_Task to carry out_: With the material below, print exactly the lines between the line holding "Midikleid iz bombaža" and the line holding "春天的油菜花、高鐵、蘇州國(guó)金中心和陽澄湖", inclusive. Add nothing else.

_Exercise data_:
※ ※ ※
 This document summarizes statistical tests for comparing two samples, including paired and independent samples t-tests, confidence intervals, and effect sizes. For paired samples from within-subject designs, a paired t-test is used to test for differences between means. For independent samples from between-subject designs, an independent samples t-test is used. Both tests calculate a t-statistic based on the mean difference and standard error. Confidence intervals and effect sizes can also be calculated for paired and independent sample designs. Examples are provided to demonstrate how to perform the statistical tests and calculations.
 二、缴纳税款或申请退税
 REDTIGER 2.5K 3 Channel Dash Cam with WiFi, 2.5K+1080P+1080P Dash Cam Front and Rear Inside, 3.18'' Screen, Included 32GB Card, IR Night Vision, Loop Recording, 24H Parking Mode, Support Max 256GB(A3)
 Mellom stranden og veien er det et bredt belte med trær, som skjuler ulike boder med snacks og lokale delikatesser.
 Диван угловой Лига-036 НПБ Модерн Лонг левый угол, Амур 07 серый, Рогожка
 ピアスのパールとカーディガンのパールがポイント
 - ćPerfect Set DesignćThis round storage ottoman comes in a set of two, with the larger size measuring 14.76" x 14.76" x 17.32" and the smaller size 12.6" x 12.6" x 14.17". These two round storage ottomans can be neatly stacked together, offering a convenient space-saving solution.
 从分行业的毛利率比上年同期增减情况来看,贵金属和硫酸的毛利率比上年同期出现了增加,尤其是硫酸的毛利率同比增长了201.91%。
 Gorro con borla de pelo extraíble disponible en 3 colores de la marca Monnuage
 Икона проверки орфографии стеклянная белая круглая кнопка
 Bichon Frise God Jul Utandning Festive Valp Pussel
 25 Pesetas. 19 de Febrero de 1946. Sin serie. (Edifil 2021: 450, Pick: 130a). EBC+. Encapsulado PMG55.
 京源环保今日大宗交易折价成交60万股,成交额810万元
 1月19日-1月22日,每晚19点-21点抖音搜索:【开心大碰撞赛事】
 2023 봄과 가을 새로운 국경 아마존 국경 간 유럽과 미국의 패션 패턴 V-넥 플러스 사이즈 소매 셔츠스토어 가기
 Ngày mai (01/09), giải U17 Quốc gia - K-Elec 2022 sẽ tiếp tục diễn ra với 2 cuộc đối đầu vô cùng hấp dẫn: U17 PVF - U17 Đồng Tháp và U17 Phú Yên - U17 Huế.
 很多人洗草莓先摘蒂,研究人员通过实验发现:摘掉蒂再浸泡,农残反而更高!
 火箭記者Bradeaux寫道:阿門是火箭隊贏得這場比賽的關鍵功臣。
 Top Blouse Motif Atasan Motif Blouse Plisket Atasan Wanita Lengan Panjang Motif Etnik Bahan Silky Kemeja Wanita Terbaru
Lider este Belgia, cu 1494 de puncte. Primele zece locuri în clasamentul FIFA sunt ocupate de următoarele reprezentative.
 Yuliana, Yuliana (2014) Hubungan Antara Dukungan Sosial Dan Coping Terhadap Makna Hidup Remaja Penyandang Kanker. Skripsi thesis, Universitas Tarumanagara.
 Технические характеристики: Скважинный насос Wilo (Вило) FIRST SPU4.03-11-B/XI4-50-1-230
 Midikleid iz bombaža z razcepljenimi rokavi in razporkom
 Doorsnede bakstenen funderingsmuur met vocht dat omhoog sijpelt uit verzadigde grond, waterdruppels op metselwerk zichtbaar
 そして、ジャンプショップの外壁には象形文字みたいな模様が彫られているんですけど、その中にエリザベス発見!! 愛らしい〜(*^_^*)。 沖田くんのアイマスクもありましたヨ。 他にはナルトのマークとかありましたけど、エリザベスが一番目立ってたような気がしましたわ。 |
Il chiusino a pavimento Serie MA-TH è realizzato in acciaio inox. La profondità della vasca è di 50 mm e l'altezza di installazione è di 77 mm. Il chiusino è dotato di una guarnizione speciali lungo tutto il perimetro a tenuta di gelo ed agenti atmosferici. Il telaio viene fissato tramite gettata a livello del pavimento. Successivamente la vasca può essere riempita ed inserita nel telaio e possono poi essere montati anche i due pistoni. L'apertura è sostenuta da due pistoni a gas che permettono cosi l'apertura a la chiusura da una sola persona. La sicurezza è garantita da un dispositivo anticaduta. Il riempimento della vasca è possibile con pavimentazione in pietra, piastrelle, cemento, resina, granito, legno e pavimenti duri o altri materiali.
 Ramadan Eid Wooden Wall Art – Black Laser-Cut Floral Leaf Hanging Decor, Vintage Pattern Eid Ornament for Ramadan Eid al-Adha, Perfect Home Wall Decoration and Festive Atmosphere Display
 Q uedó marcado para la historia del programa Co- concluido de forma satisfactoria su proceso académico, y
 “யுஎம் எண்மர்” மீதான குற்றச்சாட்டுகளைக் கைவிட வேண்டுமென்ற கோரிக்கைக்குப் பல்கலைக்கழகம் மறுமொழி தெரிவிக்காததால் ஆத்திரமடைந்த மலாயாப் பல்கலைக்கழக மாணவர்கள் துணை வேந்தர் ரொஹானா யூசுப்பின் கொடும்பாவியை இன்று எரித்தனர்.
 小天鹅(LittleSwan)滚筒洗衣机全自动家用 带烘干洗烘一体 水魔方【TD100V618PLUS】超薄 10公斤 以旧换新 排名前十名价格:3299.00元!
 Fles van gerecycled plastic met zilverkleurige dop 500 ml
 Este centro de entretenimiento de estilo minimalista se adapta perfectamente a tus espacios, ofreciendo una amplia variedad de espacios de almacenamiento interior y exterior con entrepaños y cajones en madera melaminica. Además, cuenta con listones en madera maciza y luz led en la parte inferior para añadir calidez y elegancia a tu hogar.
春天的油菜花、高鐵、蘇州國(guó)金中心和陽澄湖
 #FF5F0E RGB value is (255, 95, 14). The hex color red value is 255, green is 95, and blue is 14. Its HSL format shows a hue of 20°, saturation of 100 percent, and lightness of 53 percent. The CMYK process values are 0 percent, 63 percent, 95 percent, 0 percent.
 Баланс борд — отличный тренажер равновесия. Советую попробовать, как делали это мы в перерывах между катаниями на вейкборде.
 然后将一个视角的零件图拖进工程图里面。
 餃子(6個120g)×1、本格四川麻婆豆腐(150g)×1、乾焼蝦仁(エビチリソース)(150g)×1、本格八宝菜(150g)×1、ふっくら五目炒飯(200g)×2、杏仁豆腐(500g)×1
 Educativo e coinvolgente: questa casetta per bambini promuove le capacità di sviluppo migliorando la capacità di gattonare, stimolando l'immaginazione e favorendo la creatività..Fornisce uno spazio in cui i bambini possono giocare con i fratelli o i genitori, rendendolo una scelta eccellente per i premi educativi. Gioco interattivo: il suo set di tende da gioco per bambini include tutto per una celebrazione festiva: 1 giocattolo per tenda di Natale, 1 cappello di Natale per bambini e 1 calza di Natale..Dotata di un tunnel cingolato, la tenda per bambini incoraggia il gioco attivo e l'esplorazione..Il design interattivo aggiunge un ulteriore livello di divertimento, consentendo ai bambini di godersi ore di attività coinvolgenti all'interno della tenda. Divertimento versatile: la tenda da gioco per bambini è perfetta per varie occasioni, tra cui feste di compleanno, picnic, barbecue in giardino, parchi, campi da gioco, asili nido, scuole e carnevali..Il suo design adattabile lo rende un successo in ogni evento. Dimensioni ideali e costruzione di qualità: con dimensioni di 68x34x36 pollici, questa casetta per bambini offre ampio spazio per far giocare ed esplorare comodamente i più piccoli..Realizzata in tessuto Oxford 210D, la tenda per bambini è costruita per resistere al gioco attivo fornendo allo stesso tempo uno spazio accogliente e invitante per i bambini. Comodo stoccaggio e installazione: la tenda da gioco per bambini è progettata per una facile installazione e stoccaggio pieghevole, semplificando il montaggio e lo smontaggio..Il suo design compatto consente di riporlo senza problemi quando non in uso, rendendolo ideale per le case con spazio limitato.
※ ※ ※
_Exercise output_:
 Midikleid iz bombaža z razcepljenimi rokavi in razporkom
 Doorsnede bakstenen funderingsmuur met vocht dat omhoog sijpelt uit verzadigde grond, waterdruppels op metselwerk zichtbaar
 そして、ジャンプショップの外壁には象形文字みたいな模様が彫られているんですけど、その中にエリザベス発見!! 愛らしい〜(*^_^*)。 沖田くんのアイマスクもありましたヨ。 他にはナルトのマークとかありましたけど、エリザベスが一番目立ってたような気がしましたわ。 |
Il chiusino a pavimento Serie MA-TH è realizzato in acciaio inox. La profondità della vasca è di 50 mm e l'altezza di installazione è di 77 mm. Il chiusino è dotato di una guarnizione speciali lungo tutto il perimetro a tenuta di gelo ed agenti atmosferici. Il telaio viene fissato tramite gettata a livello del pavimento. Successivamente la vasca può essere riempita ed inserita nel telaio e possono poi essere montati anche i due pistoni. L'apertura è sostenuta da due pistoni a gas che permettono cosi l'apertura a la chiusura da una sola persona. La sicurezza è garantita da un dispositivo anticaduta. Il riempimento della vasca è possibile con pavimentazione in pietra, piastrelle, cemento, resina, granito, legno e pavimenti duri o altri materiali.
 Ramadan Eid Wooden Wall Art – Black Laser-Cut Floral Leaf Hanging Decor, Vintage Pattern Eid Ornament for Ramadan Eid al-Adha, Perfect Home Wall Decoration and Festive Atmosphere Display
 Q uedó marcado para la historia del programa Co- concluido de forma satisfactoria su proceso académico, y
 “யுஎம் எண்மர்” மீதான குற்றச்சாட்டுகளைக் கைவிட வேண்டுமென்ற கோரிக்கைக்குப் பல்கலைக்கழகம் மறுமொழி தெரிவிக்காததால் ஆத்திரமடைந்த மலாயாப் பல்கலைக்கழக மாணவர்கள் துணை வேந்தர் ரொஹானா யூசுப்பின் கொடும்பாவியை இன்று எரித்தனர்.
 小天鹅(LittleSwan)滚筒洗衣机全自动家用 带烘干洗烘一体 水魔方【TD100V618PLUS】超薄 10公斤 以旧换新 排名前十名价格:3299.00元!
 Fles van gerecycled plastic met zilverkleurige dop 500 ml
 Este centro de entretenimiento de estilo minimalista se adapta perfectamente a tus espacios, ofreciendo una amplia variedad de espacios de almacenamiento interior y exterior con entrepaños y cajones en madera melaminica. Además, cuenta con listones en madera maciza y luz led en la parte inferior para añadir calidez y elegancia a tu hogar.
春天的油菜花、高鐵、蘇州國(guó)金中心和陽澄湖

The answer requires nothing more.